Increasing the number of flags we cast automatically on spam should accomplish both of these things:
- Automatic flags are near-instant; manual flags take multiple minutes to be cast - that means that increasing the ratio of automatic to manual flags results in a shorter time before 6 flags accumulate and the spam is deleted.
- Automatic flags are not cast by a human. Fewer humans, therefore, are forced to see/interact with the spam.
The data we have backs this up. In terms of time to deletion, we saw a significant drop in the time it took to delete spam when we started our autoflagging project. Take a look at this graph from the meta post on the subject for an excellent visual representation of that. Before we started autoflagging, spam spent an average of 400 hours per day alive across the network; with autoflagging in place, the average is 10x less, at around 40 hours per day.

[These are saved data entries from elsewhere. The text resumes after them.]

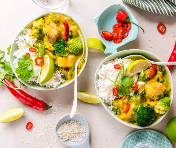 So ein Curry ist doch immer eine gute Idee. Wir servieren es heute wunderbar vielseitig mit gleich drei unterschiedlichen Fischsorten: Kabeljau, Heilbutt und Seelachs machen dieses Gericht ganz besonders - selbstverständlich funktioniert es aber auch nur mit einer der drei Fischsorten. Da wir auf unsere eismann Möhrencremesuppe mit Ingwer als Grundlage für das Curry zurückgreifen, muss unsere Variante nicht lange einkochen werden und hat bereits ein wunderbares Aroma, welches wir später nur noch verfeinern.
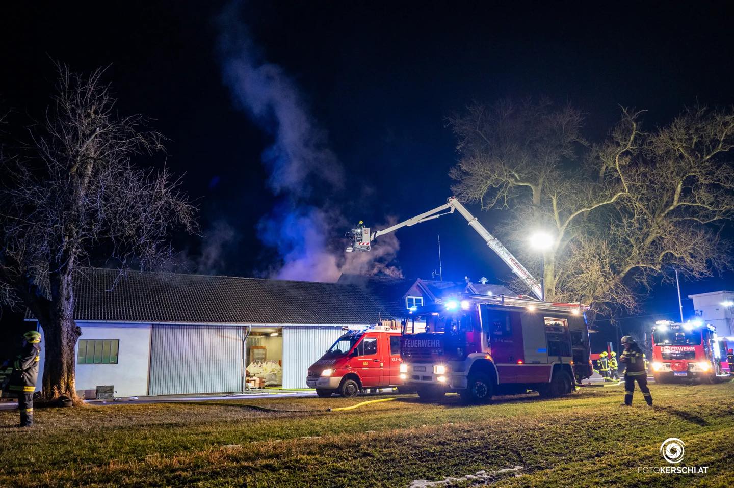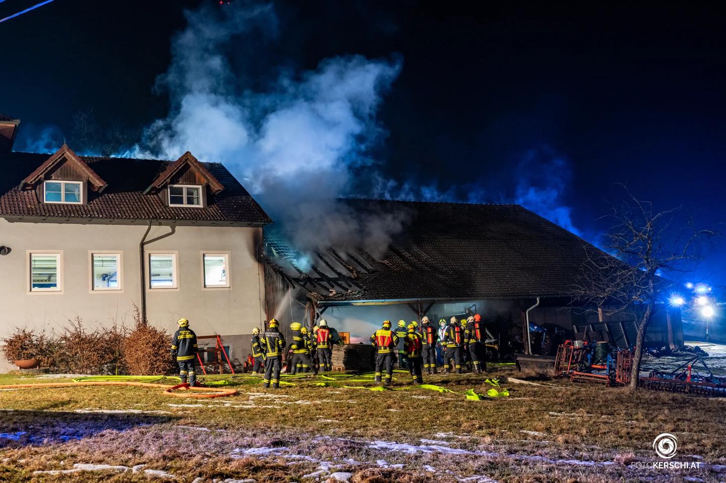 Kurz vor Mitternacht und kurz nach der Jahresvollversammlung der FF St. Georgen/Gusen durchbrach das Heulen der Sirenen die nächtliche Ruhe der Region. Neben dem Feuerwehrhaus der FF Pürach brach in einer Maschinenhalle ein Brand aus. 10 Feuerwehren der Umgebung eilten den Kameraden in Pürach zur Hilfe. Als Teil der Alarmstufe 2 rückte dementsprechend auch die Feuerwehr St. Georgen/Gusen zur Brandbekämpfung an – erst laut Alarmplan mit dem Tanklöschfahrzeug, in weiterer Folge wurde auch unser LFA nachgefordert. Gemeinsam mit rund hundert weiteren Kräften wurden die Flammen erfolgreich bekämpft. Der umfassende Löschangriff zeigte rasch seine Wirkung und das Feuerwehrhaus selbst konnte erfolgreich geschützt werden. Der schnellen Reaktion der Püracher Kameraden ist es zu verdanken, dass die eigene Einsatzbereitschaft nach wie vor gewährleistet werden kann. Für die Feuerwehr St. Georgen und für die meisten weiteren Feuerwehren war der Einsatz nach rund 2,5 Stunden wieder beendet. Die Nachlöscharbeiten zogen sich noch bis in die Morgenstunden. Die Brandursachenermittlung wurde umgehen aufgenommen. Presseberichte: FotoKerschi: https://fotokerschi.at/blog/brand-in-purach-fordert-einsatz-von-elf-feuerwehren
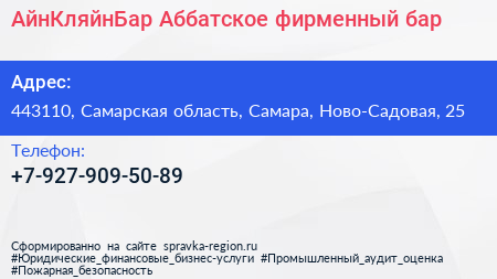 АйнКляйнБар Аббатское, фирменный бар по адресу 443110, Самарская область, Самара, Ново-Садовая, 25 в дальнейшем Организация, размещена в следующих категориях:
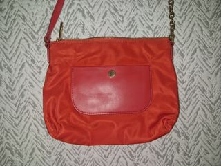 Precioso bolso bandolera de Bimba y Lola, en color rojo. Está en muy buen estado. - Asa bandolera regulable y desmontable con cadena dorada. - Bolsillo frontal con cierre de botón a presión. - Cierre de cremallera superior.
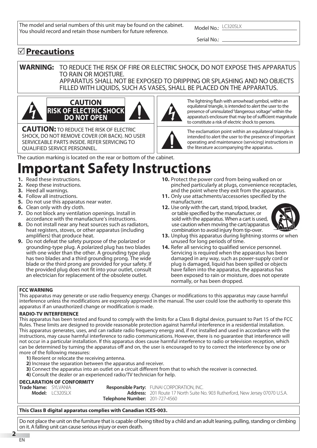 Download the instructions for your TV in PDF format for free! Find your manual LC195SLX - SYLVANIA and take your electronic device back in hand. On this page are published all the documents necessary for the use of your device. LC195SLX by SYLVANIA.
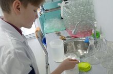 В биолаборатории кипит работа.Ученик 7 класса Даминов Ростислав осваивает навыки приготовления питательной среды,пересадки клонированных растений в почву.
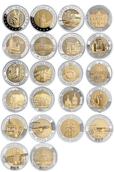 W komplecie znajduje się zestaw dwudziestu jeden monet 5 złotowych. Istnieje również możliwość zakupienia monet poza kompletem.
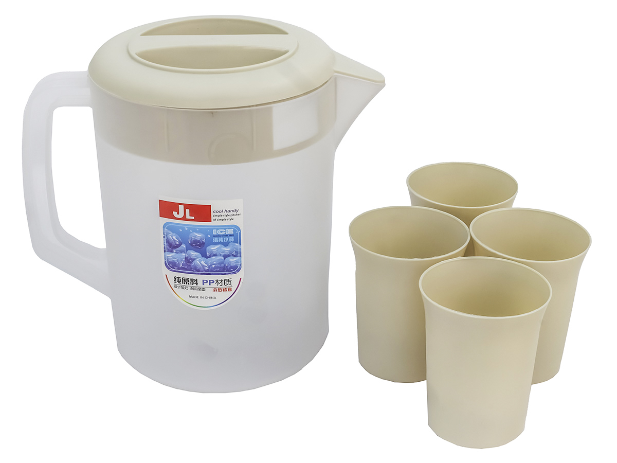 Пластиковый набор: кувшин и 4 стакана – идеальный выбор для вашей кухни, дачи или для поездок на природу! В него входит пластиковый кувшин объёмом 2.5 литра и четыре стакана по 300 мл.
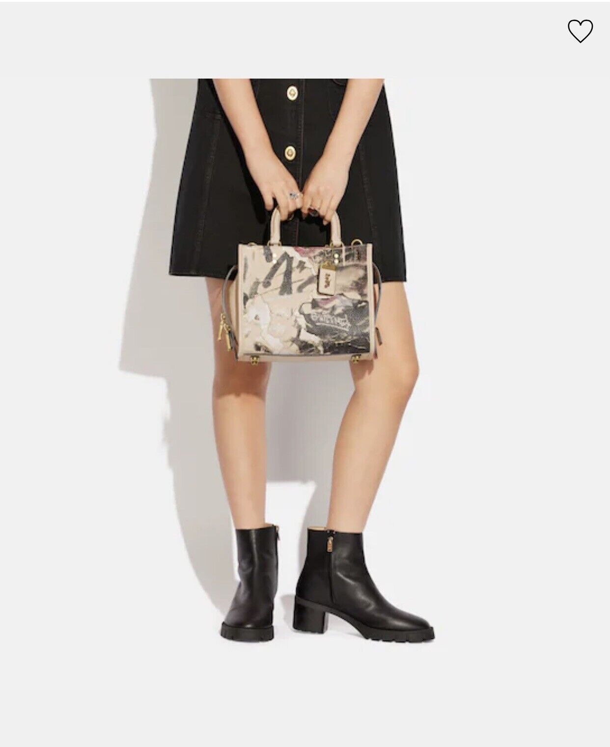 The spacious style is crafted of natural pebble leather detailed with a bold motif from the rebel artists’ compositions.

If this change goes ahead, these things are likely to happen:
- It will only take 1 or 2 manual flags from users to spam-nuke an autoflagged post, instead of the current 3. Posts that are not autoflagged will, of course, still require 6 flags to nuke.
- There may be an increase in posts spam-nuked entirely by Charcoal members, who may or may not be active on the site.

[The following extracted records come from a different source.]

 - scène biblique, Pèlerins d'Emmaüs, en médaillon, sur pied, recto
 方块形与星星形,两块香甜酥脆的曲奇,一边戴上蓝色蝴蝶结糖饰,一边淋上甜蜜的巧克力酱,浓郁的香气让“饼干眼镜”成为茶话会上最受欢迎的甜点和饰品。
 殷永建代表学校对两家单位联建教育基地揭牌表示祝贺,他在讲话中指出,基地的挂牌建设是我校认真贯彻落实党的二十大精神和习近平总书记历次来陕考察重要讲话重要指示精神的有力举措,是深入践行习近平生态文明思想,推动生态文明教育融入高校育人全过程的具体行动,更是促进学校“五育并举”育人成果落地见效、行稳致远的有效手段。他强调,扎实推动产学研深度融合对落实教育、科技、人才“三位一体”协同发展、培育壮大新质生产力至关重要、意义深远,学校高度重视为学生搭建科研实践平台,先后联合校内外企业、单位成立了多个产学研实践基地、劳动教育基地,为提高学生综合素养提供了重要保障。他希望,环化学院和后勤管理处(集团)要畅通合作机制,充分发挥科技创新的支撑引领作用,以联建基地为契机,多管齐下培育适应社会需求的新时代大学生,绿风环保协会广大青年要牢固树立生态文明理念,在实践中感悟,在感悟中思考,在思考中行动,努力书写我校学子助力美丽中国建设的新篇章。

- You will see a reduction in the time spam spends on the site before being deleted.
- Fewer humans will have to involuntarily see each spam post.

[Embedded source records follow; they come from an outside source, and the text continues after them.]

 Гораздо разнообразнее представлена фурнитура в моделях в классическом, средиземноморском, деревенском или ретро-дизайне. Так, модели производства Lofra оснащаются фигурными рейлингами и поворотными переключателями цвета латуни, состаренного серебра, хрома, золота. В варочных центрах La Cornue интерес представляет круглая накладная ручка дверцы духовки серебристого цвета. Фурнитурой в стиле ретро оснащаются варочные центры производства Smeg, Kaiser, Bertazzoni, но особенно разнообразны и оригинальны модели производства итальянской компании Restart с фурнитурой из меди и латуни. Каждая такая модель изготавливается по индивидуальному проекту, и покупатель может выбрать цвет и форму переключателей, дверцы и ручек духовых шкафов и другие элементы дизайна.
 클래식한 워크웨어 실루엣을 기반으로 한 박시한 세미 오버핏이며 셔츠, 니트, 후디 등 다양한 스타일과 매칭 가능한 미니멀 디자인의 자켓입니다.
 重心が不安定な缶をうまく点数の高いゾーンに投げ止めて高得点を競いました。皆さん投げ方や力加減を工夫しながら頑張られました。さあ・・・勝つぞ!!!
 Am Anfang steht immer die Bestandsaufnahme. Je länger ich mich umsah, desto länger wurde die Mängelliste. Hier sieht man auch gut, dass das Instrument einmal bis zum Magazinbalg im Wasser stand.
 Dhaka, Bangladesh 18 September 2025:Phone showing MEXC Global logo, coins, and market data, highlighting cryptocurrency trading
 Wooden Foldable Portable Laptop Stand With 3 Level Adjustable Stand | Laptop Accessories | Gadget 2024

The last two of those are indisputably good things. The first two, however, are more controversial, and are the reason we want to have a discussion here on meta before we make this happen. What follows are the major concerns we've seen, and what we can do about them or why we don't think they're an issue - we'd like to hear your thoughts.
The major thing we're looking for out of this is a reduction in time to deletion. The following graph shows how long spam currently spends alive on the top few sites; we're hoping to see a moderate reduction in the average times, and a significant reduction in the top outliers.
The following graph is from an experiment we've been running over the past week, casting between 1 and 5 flags randomly on each post matching the settings we're considering.
In raw numbers, that's this:
PostCount FlagCount ATTD StdDev CommonMax
55 1 190.5091 197.59 585.69
55 2 85.0182 109.86 304.74
62 3 48.9355 83.57 216.07
68 4 26.9559 51.98 130.92
56 5 10.2143 5.60 21.41
PostCount
is the sample size; FlagCount
the number of flags cast on each post in the sample; ATTD
the average time to deletion, and CommonMax
is the maximum of a 97% confidence interval. The major takeaway from these stats is that we're likely to see a ~5x drop in the average time to deletion, and a ~10x drop in the outliers.
Spam flags are a powerful feature that need some care in applying correctly. This is a concern that came up when we originally built the autoflagging system, so we already have safeguards built in.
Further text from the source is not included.